When ever old Stan was about to bless anyone within earshot with his prophetic wisdom, he would always first cross his legs, then look up as if he were simply passing on what was being told to him from a Heavenly location, and then dash that idea by always beginning with, “Ya know, God dammit…” followed closely by whatever it was he had to say. And the room would always fill with groans of anticipation.

One Friday morning a young married man made the mistake of asking Stan for advise on what to do about a skunk that took up residence under his house. Needless to say, everyone in the crew bus moaned while eyeballs rolled. Number one rule, no one ever asks a logger for advise on anything other than logging. And even that’s throwing caution to the wind. But he was a rookie and didn’t know any better. But picking out old Stan was taking a simple mistake to a whole new level of a bad idea.

As usual, Stan crossed his legs and look skyward. “Well ya know, God dammit, it’s a well know fact that if you kill a skunk outright, such as blow its “bleeping” head clear off, they won’t spray.”

The rookie’s first mistake was asking Stan for advise. His second mistake was actually believing him. The following Monday he got on the crew bus, eyes dancing with rage. He then proceeded to call old Stan names that even made us loggers wince. And with the “F” bomb always buzzing around like yellow jackets around a batted nest, that was saying something.

As directed he crawled under the house with a flashlight and shotgun, found the skunk, aimed at its shining eyes, and then blew its head clean off….

The young man’s hearing was still not back to normal, but that was the least of his problems.
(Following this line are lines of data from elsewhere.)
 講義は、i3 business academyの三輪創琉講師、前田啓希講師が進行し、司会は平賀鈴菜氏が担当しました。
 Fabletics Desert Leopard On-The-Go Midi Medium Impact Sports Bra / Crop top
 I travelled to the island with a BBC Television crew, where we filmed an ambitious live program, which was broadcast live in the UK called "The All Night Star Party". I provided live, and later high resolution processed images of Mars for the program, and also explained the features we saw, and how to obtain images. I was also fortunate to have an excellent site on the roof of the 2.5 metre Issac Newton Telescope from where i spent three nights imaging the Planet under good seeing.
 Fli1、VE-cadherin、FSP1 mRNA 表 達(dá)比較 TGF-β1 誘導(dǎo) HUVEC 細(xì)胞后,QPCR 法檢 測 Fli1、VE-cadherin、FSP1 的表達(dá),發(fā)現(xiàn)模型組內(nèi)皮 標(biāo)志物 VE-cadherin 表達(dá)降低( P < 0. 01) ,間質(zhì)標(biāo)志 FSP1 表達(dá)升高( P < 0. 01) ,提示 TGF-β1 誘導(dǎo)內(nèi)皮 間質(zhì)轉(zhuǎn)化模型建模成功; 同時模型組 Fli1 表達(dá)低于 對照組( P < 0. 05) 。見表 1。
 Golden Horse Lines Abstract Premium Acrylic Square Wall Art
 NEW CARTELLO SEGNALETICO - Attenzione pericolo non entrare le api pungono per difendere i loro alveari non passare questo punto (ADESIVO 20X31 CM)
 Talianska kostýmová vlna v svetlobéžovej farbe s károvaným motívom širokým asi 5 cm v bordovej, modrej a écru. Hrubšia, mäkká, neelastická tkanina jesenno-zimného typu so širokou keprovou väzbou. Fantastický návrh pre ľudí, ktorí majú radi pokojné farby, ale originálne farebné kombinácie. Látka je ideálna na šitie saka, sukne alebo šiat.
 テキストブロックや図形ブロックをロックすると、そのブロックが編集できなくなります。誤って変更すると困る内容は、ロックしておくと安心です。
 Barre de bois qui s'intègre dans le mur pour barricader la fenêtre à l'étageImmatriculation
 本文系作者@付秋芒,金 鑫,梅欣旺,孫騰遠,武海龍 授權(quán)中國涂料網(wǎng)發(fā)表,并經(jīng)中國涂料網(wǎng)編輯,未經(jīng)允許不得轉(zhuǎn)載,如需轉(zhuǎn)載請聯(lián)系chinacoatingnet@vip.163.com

While doing its last flying fandango, the skunk sprayed from one end of the crawl space to the other. Now he and his wife were living with the wife’s parents for God only knew how long while the house was being fumigated and aired out. And because it was inevitable that he was in the line of spray, all family members were keeping a distance away from him that would probably most easily be measured in light years. In fact we all noticed that even after numerous baths the young man was still carrying a faint aroma from the experience.

After he was done with his tirade, old Stan calmly replied, “Well ya know, God dammit. That just goes to show ya. It’s a well-known fact that ya just can’t trust a skunk.”
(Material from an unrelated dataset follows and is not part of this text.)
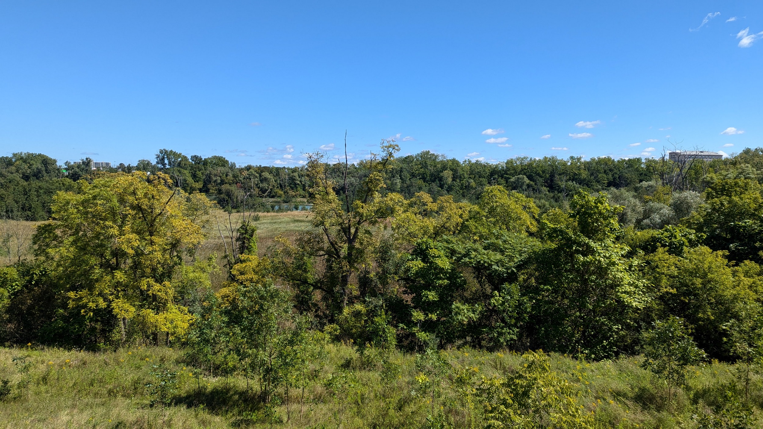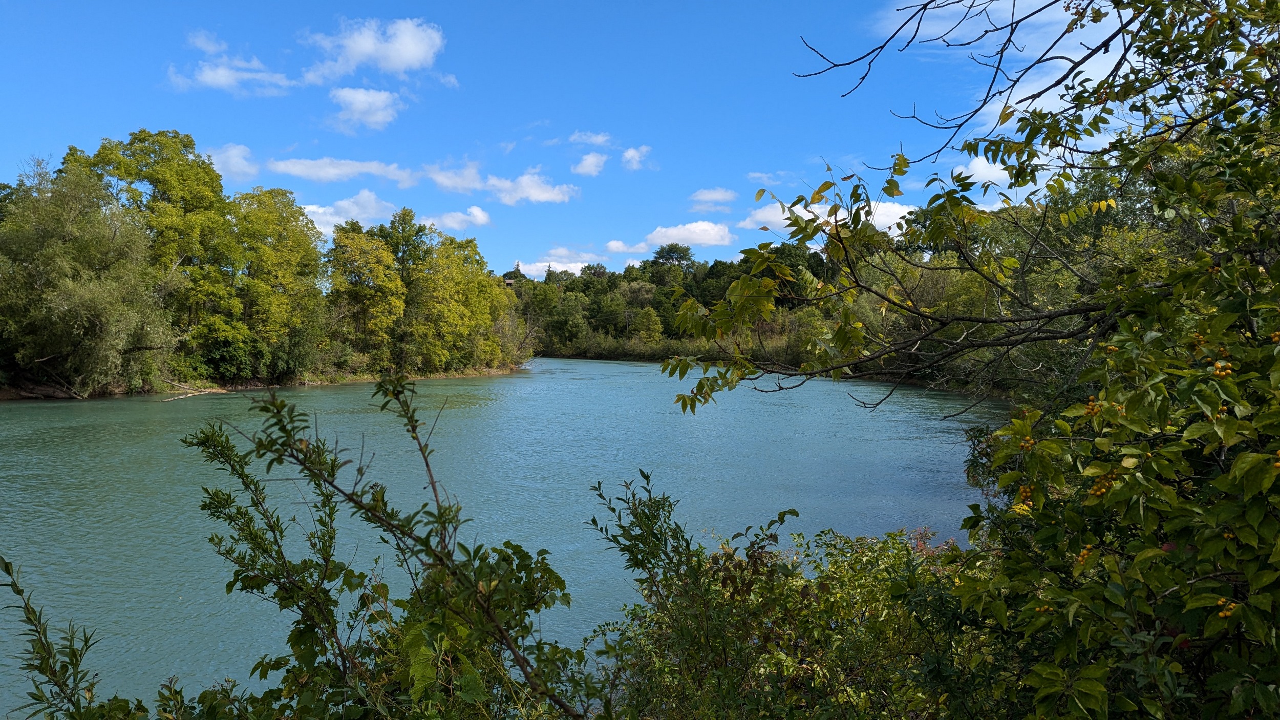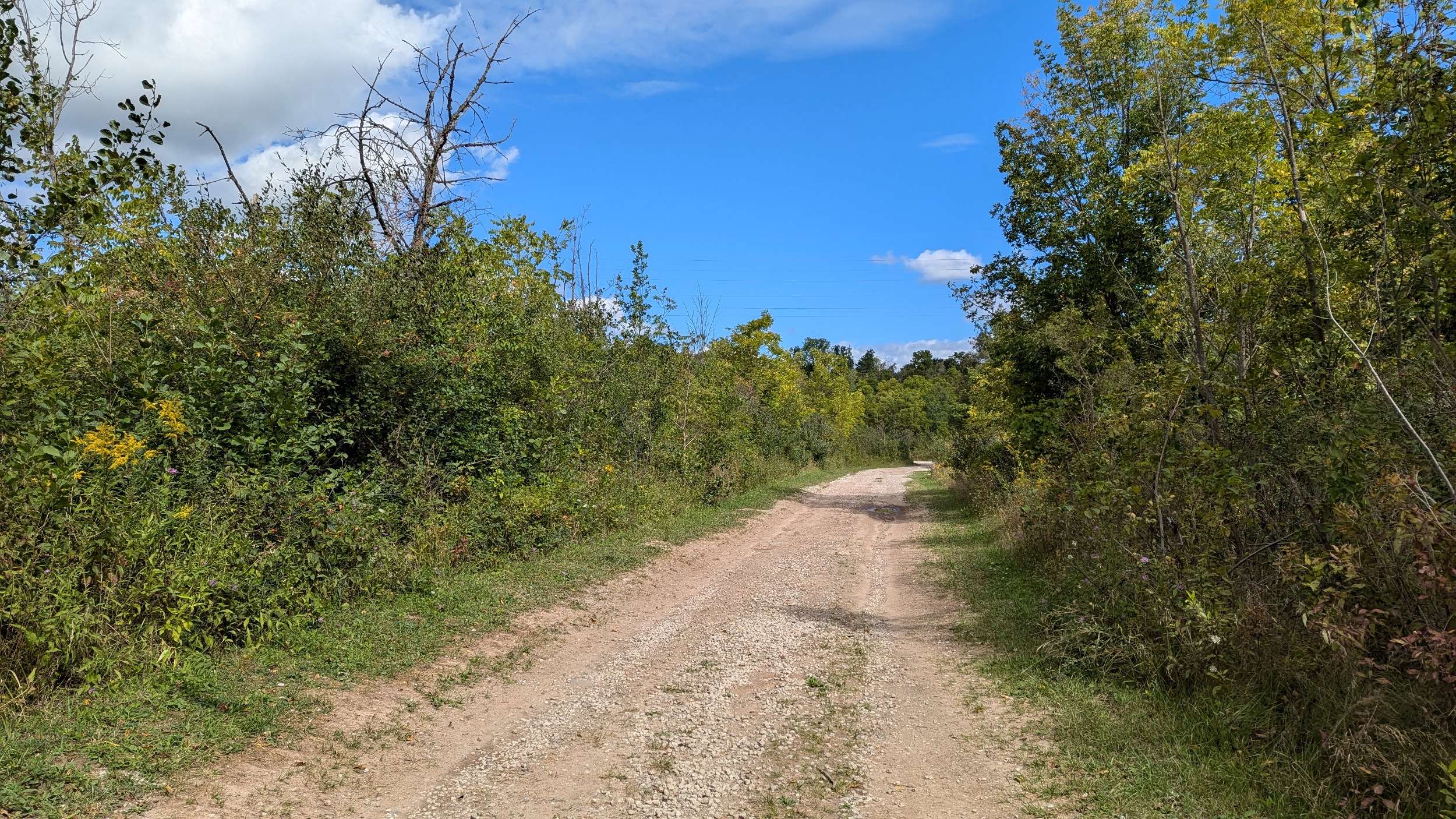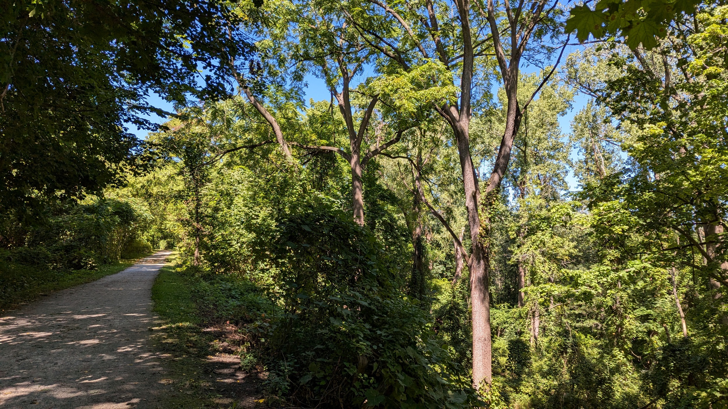 A couple shots of the creek with some sunlight. The first signs of the city since DeCew are these bridges at Glendale. The pedestrian bridge is a good interchange point between the west and east side trails. I’m sticking to the east bank, which is less of a formal trail and more of a vehicular access. No complaints, the clouds are moving on and there’s more views of the creek.

Old Stan has long since passed on, and I have not only taken his place in age, but surpassed it. Hopefully,  I have not become a long-winded old fart that has nothing better to do but talk. But if I have, I guess that’s what this blog is for.
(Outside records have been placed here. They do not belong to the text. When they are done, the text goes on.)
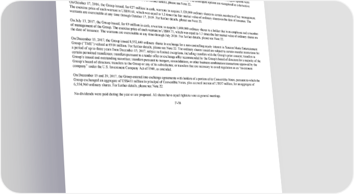 231/264 Notes to the 2017 consolidated financial statements On April 17, June 9, and July 15, 2015, the Group entered into an equity financing agreement with new and existing shareholders for the issuance of 9,484,880 ordinary shares for total gross proceeds of €479 million and incurred transaction costs of €5 million. In addition to the shares received, the new investors also received contingent options that provided downside protection (meaning that the new investors are eligible to receive additional shares at certain valuations in the event of certain triggering events such as a trade sale, public listing, or liquidation). The contingent options were determined to be embedded derivatives, which required separation from the equity issuance. The contingent options are recognized as a derivative liability and were valued at €87 million upon issuance. For further details, please see Note 22. On October 17, 2016, the Group issued, for €27 million in cash, warrants to acquire 5,120,000 ordinary shares to certain members of key management. The exercise price of each warrant is US$50.61, which was equal to 1.2 times the fair market value of ordinary shares on the date of issuance. The warrants are exercisable at any time through October 17, 2019. For further details, please see Note 22. On July 13, 2017, the Group issued, for €9 million in cash, a warrant to acquire 1,600,000 ordinary shares to a holder that is an employee and a member of management of the Group. The exercise price of each warrant is US$89.73, which was equal to 1.3 times the fair market value of ordinary shares on the date of issuance. The warrants are exercisable at any time through July 2020. For further details, please see Note 22. On December 15, 2017, the Group issued 8,552,440 ordinary shares in exchange for a noncontrolling equity interest in Tencent Music Entertainment Group (“TME”) valued at €910 million. For further details, please see Note 22. The ordinary shares issued are subject to certain transfer restrictions for a period of up to three years from December 15, 2017, subject to limited exceptions, including transfers with the Group’s prior consent; transfers to certain permitted transferees; transfers pursuant to a tender offer or exchange offer recommended by the Group’s board of directors for a majority of the Group’s issued and outstanding securities; transfers pursuant to mergers, consolidations, or other business combination transactions approved by the Group’s board of directors; transfers to the Group or any of its subsidiaries; or transfers that are necessary to avoid regulation as an “investment company” under the U.S. Investment Company Act of 1940, as amended. On December 15 and 29, 2017, the Group entered into exchange agreements with holders of a portion of its Convertible Notes, pursuant to which the Group exchanged an aggregate of US$411 million in principal of Convertible Notes, plus accrued interest of US$37 million, for an aggregate of 6,554,960 ordinary shares. For further details, please see Note 22. No dividends were paid during the year or are proposed. All shares have equal rights to vote at general meetings. F38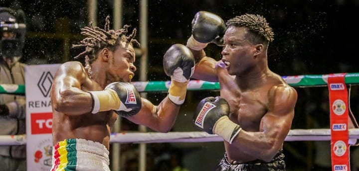 Ernest Ampah and Pascal Adjibude Otchoun gave fans a good fight in the super lightweight division which ended in a draw as the judges scored 57-57, 57-57, and 57-57.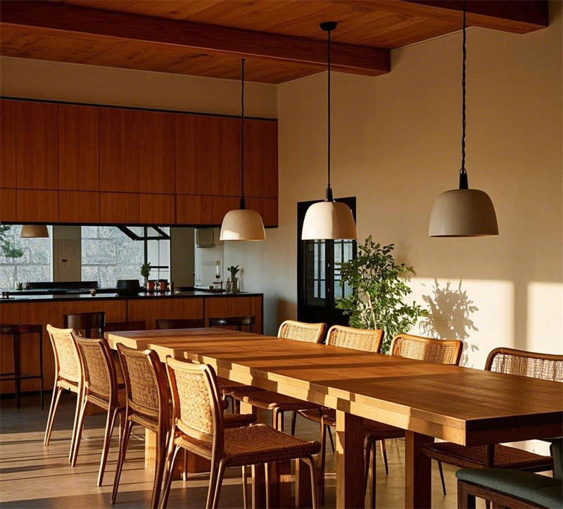 這套1000平民宿設(shè)計(jì)以自然簡約風(fēng)格為核心,營造出溫暖舒適、貼近自然的居住體驗(yàn)。整體空間以原木色調(diào)為主,搭配米白色、淺灰等柔和色彩,輔以綠植點(diǎn)綴,呈現(xiàn)出清新自然的氛圍。大堂以原木色前臺(tái)和藤編吊燈為亮點(diǎn),搭配落地窗引入充足光線,營造出溫馨的迎賓空間。客廳采用開放式布局,原木地板與編織地毯相得益彰,搭配圓形茶幾和落地?zé)簦蛟斐鲚p松愜意的休閑區(qū)域。餐廳延續(xù)自然風(fēng)格,長桌與藤編餐椅的組合簡潔大方,開放式廚房與吧臺(tái)的設(shè)計(jì)增強(qiáng)了空間的互動(dòng)性。臥室分為兩種風(fēng)格,一種以藤編床頭和棉麻床品為主,營造出舒適的睡眠環(huán)境;另一種采用日式榻榻米設(shè)計(jì),搭配推拉門和竹林景觀,傳遞出寧靜禪意的氛圍。浴室同樣注重自然元素的運(yùn)用,圓形浴缸與綠植的結(jié)合讓人仿佛置身于自然之中,而日式風(fēng)格的浴室則通過竹制裝飾和庭院景觀,進(jìn)一步強(qiáng)化了寧靜放松的體驗(yàn)。戶外庭院以石板小路和木質(zhì)平臺(tái)為主,搭配休閑桌椅和綠植環(huán)繞,為客人提供了一個(gè)親近自然的戶外休閑空間。整體設(shè)計(jì)注重材質(zhì)與光影的運(yùn)用,將自然元素與現(xiàn)代簡約風(fēng)格完美融合,打造出一個(gè)舒適、放松的民宿空間。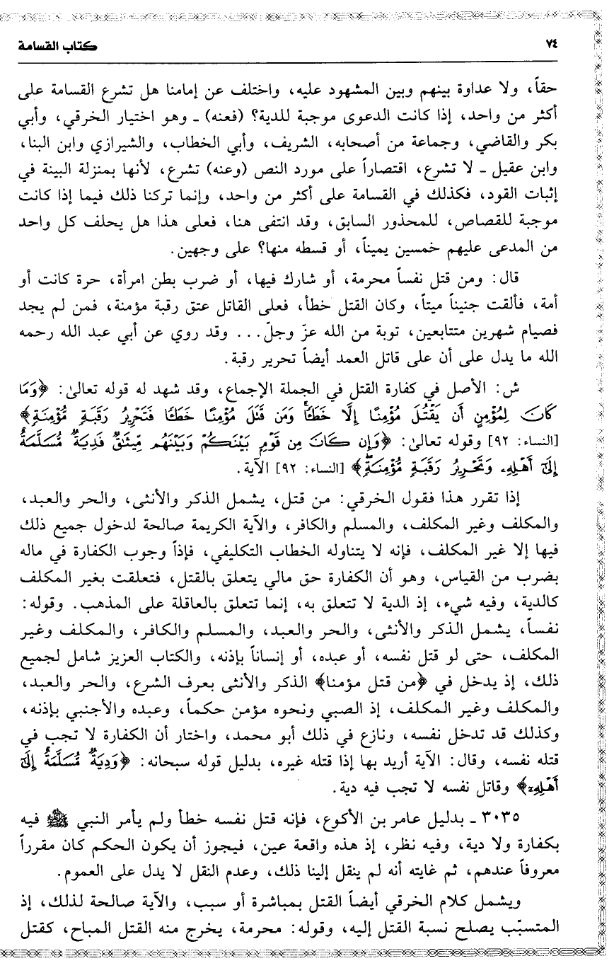 3035 بدليل عامر بن الأكوع ، فإنه قتل نفسه خطأ ولم يأمر النبي فيه بكفارة ولا دية ، وفيه نظر ، إذ هذه واقعة عين ، فيجوز أن يكون الحكم كان مقرراً معروفاً عندهم ، ثم غايته أنه لم ينقل إلينا ذلك ، وعدم النقل لا يدل على العموم .

11 thoughts on “Advise From Old Stan

  1. Too funny! I always try to keep things like this in mind when I talk to older people – one day I’ll be old & will want the younger people to listen to me because I’m sure I’ll have a lot to say. =)

    • My wife says the same thing about me, adding that she has to sometimes open the doors to let out all the hot air I have in unending abundance…There is nothing more pathetic than a wife that perceives herself as being a comedian.

  2. A long-winded old fart…Surely not!

    Ah the many characters of our lives. That is what makes it interesting! So in all of your stories, do you have a rancid crab tree equivalent?

    • I had such a character I used in a two-part story I wrote for Salmon, Trout and Steelheader Magazine called “The Creek Of No Return.” “The 22 Caliber Challenge” comes to mind too. After all, ever kid living out in the country has to have at least one such character in his life.

  3. That’s exactly what blogs are for: to let us old farts rant and tell stories. Next to posting endless photos of grandchildren on Facebook, blogging is becoming the national pastime for senior citizens 🙂

    • Though I go on facebook from time to time, But I have friends and relatives who practically live on there. And I’m in overdose mode when it comes to photos of our grandkids!

  4. Lol! “inviting an oratory that could bring on severe cases of boredom teetering dangerously close to the precipice of a full-blown coma”—that’s too funny. Your descriptiveness is cracking me up. Well we gotta get advice from somebody.

  5. Hahahahahaha. Once again Richard, very funny. I wouldn’t imagine you being a long-winded individual. You’ve got some great stories though. Good thing for blogs eh.